Dragon Ball Super Broly : interview de Brigitte Lecordier (Goku), Mark Lesser (Broly) et Philippe Ariotti (Freezer)
Publié le Par Romain Cheyron
A l'occasion de la sortie de Dragon Ball Super : Broly au cinéma, Serieously a rencontré les voix historiques de la série : Brigitte Lecordier, Mark Lesser et Philippe Ariotti. Retour sur un phénomène inattendu, un film adoré et une carrière qui n'est pas prête de s'arrêter.
Racontez-nous un peu votre parcours avec Dragon Ball et Dragon Ball Z…

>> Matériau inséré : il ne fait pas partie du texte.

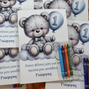 Όμορφο τετράδιο ζωγραφικής με 12 χρωμοσελίδες και 4 κηρομπογιές ή μαρκαδόρους! Ιδανικό δωράκι για παιδικό πάρτι, που θα ενθουσιάσει κάθε μικρό καλλιτέχνη.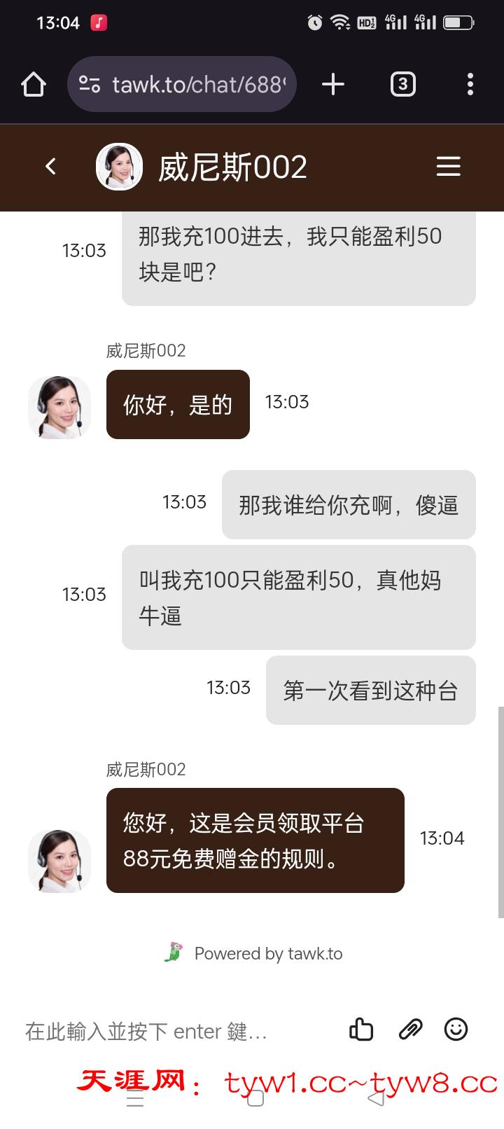 您好,由于您参加了88元活动,提现奖金需要会员累计总入金达到100元,最高提现奖金为150元,超出盈利的部分将被扣除黑台不要去存 提款就封号 你存以后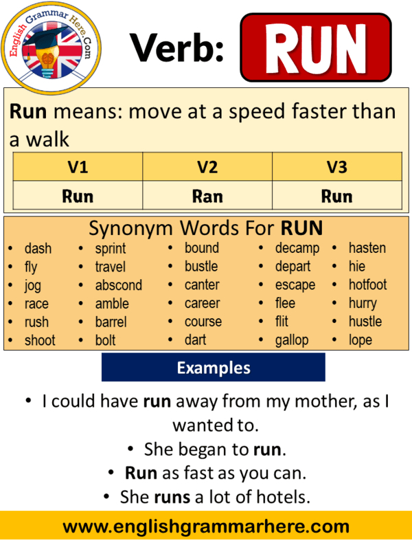 Я даже добавлю, что это ещё не все варианты, синонимов вообще можно выше крыши насобирать: https://thesaurus.plus/synonyms/run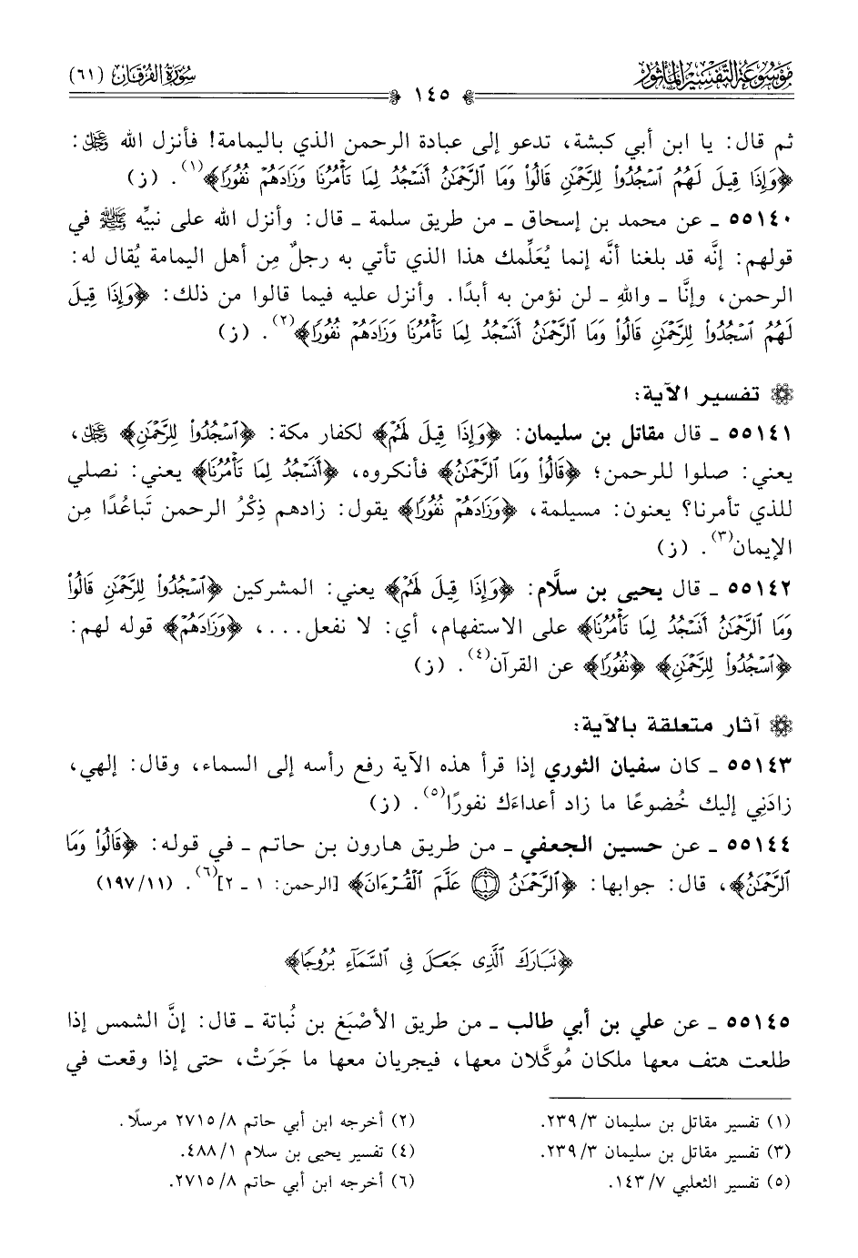 ٥٥١٤٤ - عن حسين الجعفي -من طريق هارون بن حاتم- في قوله: {قالوا وما الرحمن}، قال: جوابها: {الرحمن علم القرآن} [الرحمن: ١ - ٢] (¬٦). (١١/ ١٩٧)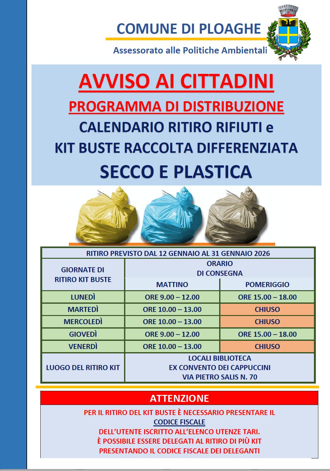 Si comunica a tutti i cittadini che a partire da lunedì 12 gennaio, presso i locali della Biblioteca (ex Convento) in via Pietro Salis 70, saranno distribuiti i calendari e le buste per la raccolta differenziata.

Brigitte Lecordier : j’ai fait des essais. A l’époque je jouais beaucoup de petits personnages, et j’ai vu ce nouveau projet arriver avec ce petit personnage et du coup on m’a demandé de faire les essais, puis j’ai été sélectionnée. Pourquoi ? Je ne sais pas, mais c’était une super idée, je ne regrette pas. J’ai donc commencé par Goku, puis il a grandi, et même si au Japon c’est la même actrice de doublage pour toutes les versions du personnage (Masako Nozawa, ndlr), pour moi ça devenait compliqué de continuer à le doubler. Alors pour Dragon Ball Z, j’ai fait le petit Gohan, jusqu’à Cell, et c’est ce monsieur à mes côtés qui a pris le relais.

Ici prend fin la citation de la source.